The Worst Type Of Déjà Vu
Chyna Cain is a mother of three in Florida.
Chyna Cain, of Brevard County, Florida, has been having trouble sleeping, too.
Her family just got stable housing a month ago. Then the coronavirus hit.
Cain works for a company scheduling health services for government workers. Last Thursday, the company put her on temporary leave. Her husband, who works washing linens for hospitals, has also seen his hours cut, with his employer seemingly trying to stagger the amount of time employees spend together.
Cain has already picked up another job, driving cabs for 12 hours a day, to try and make up for the lost wages. Nearly no one she’s driven around, she says, is concerned about their health. Everyone is concerned about losing their jobs.
“I know the virus is a very real thing. But so is my rent and my light bill. So that’s really what’s stressing me out,” she said.
The couple has three children. Two are still in day care, which has remained open. The eldest, 10, is now out of school after the district shut down in an effort to combat the spread of COVID-19. The family doesn’t have a computer, but expects the school district to deliver one soon. Cain’s heard rumors the district will start providing free lunch to needy students too, which would be a godsend.
Cain fell into homelessness after the last government shutdown in early 2019 ― another situation in which her hours were drastically reduced. She’s determined not to fall back ― “it’s one of my worst fears,” she said.
“It’s kind of like reliving that,” said Cain. “It’s a déjà vu I was hoping to never experience.”
‘We Need Help’
Kenyal Braswell with one of her sons.
Braswell would like to look for other jobs that she could do for home, but she doesn’t have internet access.
She canceled the service just four days before she was let go from her job and two days before her kids’ day care shut down.
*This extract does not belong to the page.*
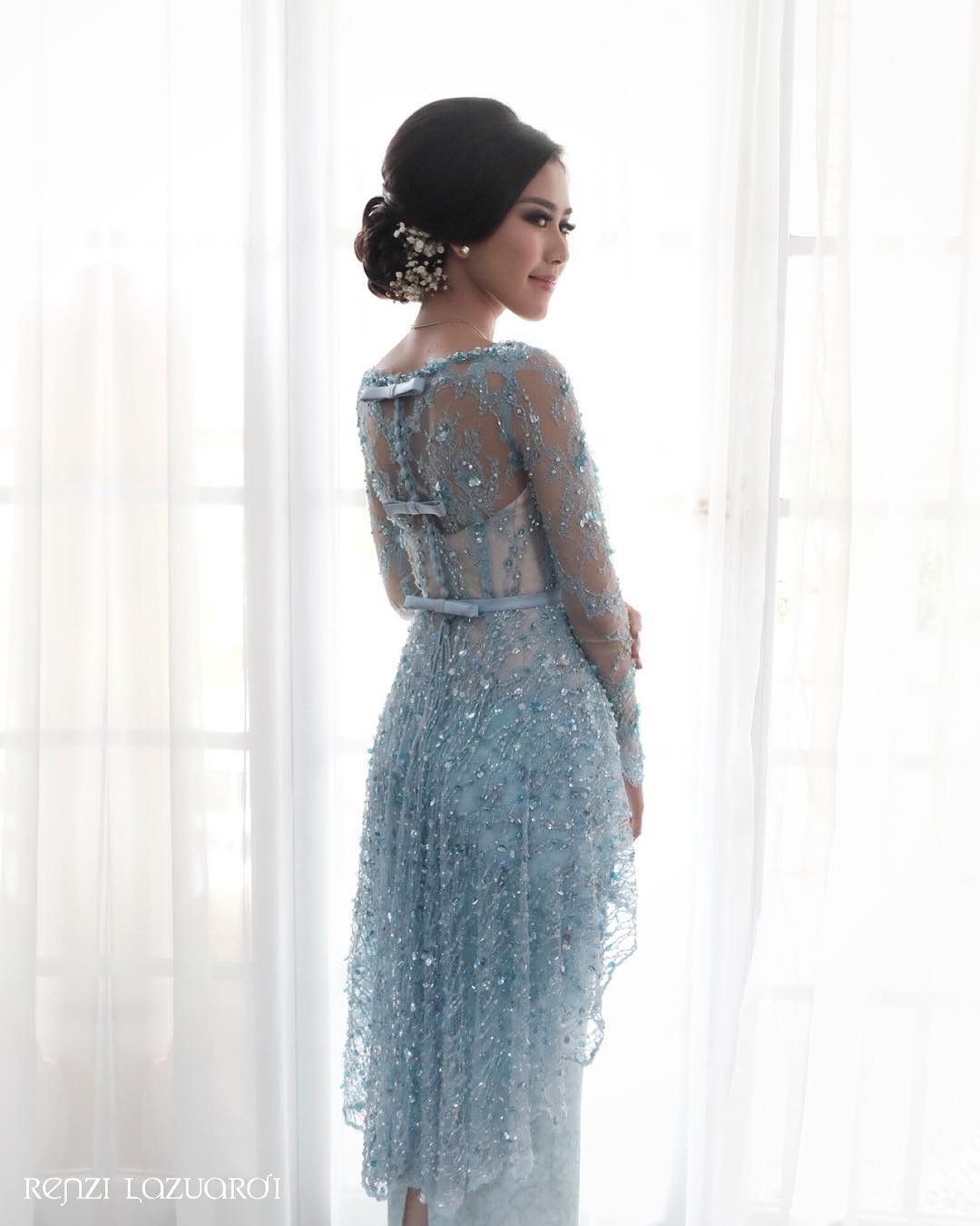 Kebaya berwarna biru itu disebut Renzi menyimbolkan kepercayaan, kesetiaan dan juga rasa percaya diri bagi pemakainya.

She needed the money for rent, and thought she would be able to make it up soon. It was before the pandemic had hit her community. It feels like a lifetime ago.
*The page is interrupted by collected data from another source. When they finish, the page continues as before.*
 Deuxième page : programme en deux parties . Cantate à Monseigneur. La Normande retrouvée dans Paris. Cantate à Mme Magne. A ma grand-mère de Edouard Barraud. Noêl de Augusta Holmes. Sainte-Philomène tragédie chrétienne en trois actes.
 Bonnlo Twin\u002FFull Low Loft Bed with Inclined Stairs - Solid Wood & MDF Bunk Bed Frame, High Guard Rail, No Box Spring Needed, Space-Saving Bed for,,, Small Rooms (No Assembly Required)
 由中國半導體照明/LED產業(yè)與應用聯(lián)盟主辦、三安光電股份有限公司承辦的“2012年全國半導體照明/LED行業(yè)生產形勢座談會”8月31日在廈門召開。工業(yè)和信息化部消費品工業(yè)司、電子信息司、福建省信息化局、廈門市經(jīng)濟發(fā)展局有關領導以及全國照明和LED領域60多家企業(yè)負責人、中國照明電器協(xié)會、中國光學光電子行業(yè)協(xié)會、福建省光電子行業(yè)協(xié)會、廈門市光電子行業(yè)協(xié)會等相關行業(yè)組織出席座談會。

Braswell has considered filing for unemployment. But when she calls the number to ask for advice, she can’t get anyone on the line.
“For a single parent, this is probably the worst thing that could happen,” Braswell said.
Now her day to day is organized into a portfolio of immediate and longer-term concerns.
In the short term, she wonders, how much can she stretch her food supply? If she does go to get groceries, where can she go that won’t have a line out the door? If she goes to the food pantry, will there be anything left? Will people let her cut to the front of the line if she tells them she has three kids she needs to feed three times a day?
“I don’t want to ask for favors, but we need help,” said Braswell, who has been delivering meals to other families who don’t have cars. “It’s kind of like every man for himself. And I’m not used to that.”
In the medium term, how can she make sure her kids are still learning and engaged? She doesn’t mind being with them all the time, but how will that feel after weeks of isolation together? When day care does open back up, will she have the money to pay for it after weeks ― potentially months ― of lost income? If she has the money to pay the necessary fees, will she have the gas money to get them there? She does the mental calculations ― it’s a 10-minute drive, twice a day, five days a week.
And, at that point, where will she and the kids even be living? Braswell’s landlord has been kind and patient, but at the end of the day, she has bills to pay, too. Braswell has a Section 8 housing voucher. If she’s unable to pay her rent, she will lose that ― which she said would be paramount to losing “everything” ― and she might not be able to get it back anytime soon.
And at the end of all this, what will her community even look like? Will there be any jobs? If she gets her job back, will there be enough hours? Her thoughts race at all hours of the night.
She has prepared for the coronavirus, stocking up on medicine and food. Though its been rough, she feels God is in control.
At the end of the day, “Being sick is the farthest thing from my mind,” she said. “After all this and after we use all our money and the virus is gone, what do we do next?”